Adding speech technology

In the WebSphere Voice Response Java and VoiceXML Environment, speech technology can be used without hard-coding it into the speech application, making it easier to switch from one technology to another. In addition, different technologies can be used for different languages, again, without hard-coding anything in the application. (Java voice applications are fully language-independent.)

To be able to use speech technology, there are several components that you need to install and configure. Below is a summary of the steps you need to perform if you want to use the speech technology available in WebSphere Voice Server.
  1. First install the required speech recognition technology on your base system. If you are using WebSphere Voice Server V5.1, or other MRCP-V1.0-compliant speech product, see section three of the Blueworx Voice Response for AIX: Installation information for details of how to install the required WebSphere Voice Server Connector fileset.
  2. Then, on each voice response node, install the required plug-in for the speech technology you want to use, as follows (note that these zip files contain the plug-ins for both speech recognition and text-to-speech, so you only have to install the required file once):
    1. Change directory to /var/dirTalk/DTBE/plugins and find the dtjmrcp.zip, plug-in for the WebSphere Voice Server Version 5.1 speech technology.
    2. Ensure that Blueworx Voice Response is running, but also that the host and the Java and VoiceXML environment node are not running.
    3. Enter the following command:
      dtjplgin dtjmrcp.zip

      This action additionally installs required custom server components.

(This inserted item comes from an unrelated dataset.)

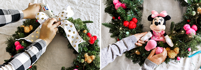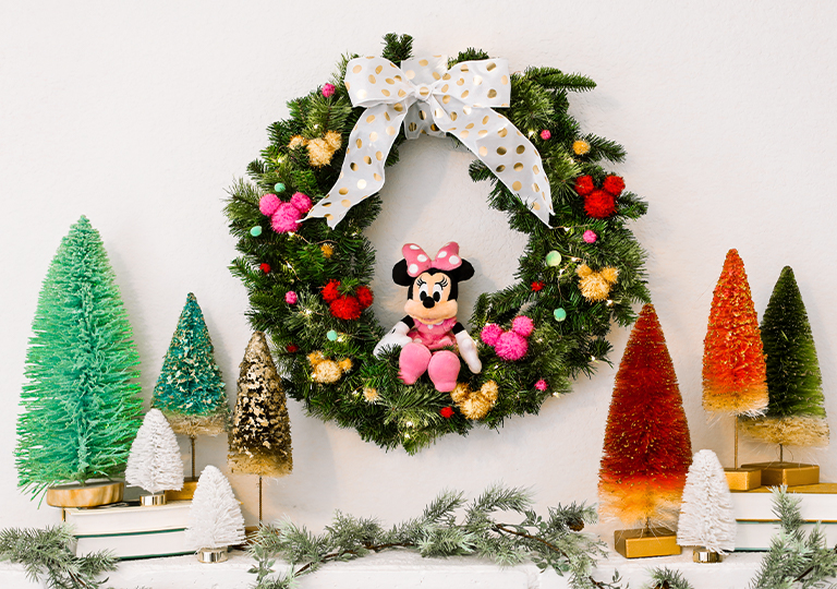 For a colorful and cuddly holiday display, we put together this wreath with plush pal Minnie. The polka dot bow and twinkle lights add a sweet seasonal shimmer, while the glittering pom poms and Minnie plush make it appealing. Plus, they’re an easy addition that allows your little ones to join in.

    4. When you restart the node, the required speech recognition or text-to-speech plug-in is available for use.
  3. Next, either use the dtjit configuration tool as described in Updating the configuration database, or manually edit the configuration file default.cff for either speech recognition or text-to-speech capability, as described in How speech recognition is configured and How text-to-speech is configured.
  4. When you have finished amending default.cff, update the configuration database by running the dtjconf command, as described in Updating the configuration database.
  5. Edit file /var/dirTalk/DTBE/dtj.ini to specify the appropriate confidence score range for your application. MRCP returns a confidence score in the range 0 - 100 whereas VXML2 expects a score in the range 0 - 1.
    To use the range 0 - 1, set the wvr.use.vxml2.confidencerange parameter to true:
    wvr.use.vxml2.confidencerange=true
    To use the range 0 - 100, set the parameter to false, which is the default value.
  6. If you are using WebSphere Voice Server Version 5.1.1, 5.1.2, or 5.1.3 to provide your speech technology, run the configureWVR utility (.sh on Linux or .bat on Windows) on the WebSphere Voice Server system. This configuration utility is available as part of an interim fix that can be downloaded. Please refer to the relevant WebSphere Voice Server support Technote at http://www.ibm.com/software/pervasive/voice_server/support/, for further information about downloading and installing the interim fix.
  7. Start the MRCP and the MRCP_Log custom servers, using the Blueworx Voice Response Custom Server Manager window (at the Welcome window, select Operations —> Custom Server Manager).
    Note: The custom server uses AIX communications ports to send and receive voice data to the voice server, and the allocation of these ports grows as needed while the custom server is in operation. The default allocation at startup is 120 pairs of ports, sufficient for 120 active trunk channels each using a single language voice recognition or text-to-speech application. If you need more than this, you can preallocate a number of ports before starting the custom servers, to ensure their availability, by use of the 'p' (lower case) parameter on the custom server command line. Note this parameter does not define the total number of ports allocated, it merely preallocates them

    You can access this parameter by selecting Applications —>Custom Servers —>Server —>Open —>File —>Properties , then enter p<n>, where <n> is the number of pairs of ports to preallocate. Note there is no space between the p and the number. <n> can be in the range 0 to 480. For example p240 will give 240 pairs of ports. (sufficient for 240 active trunk channels using a single language).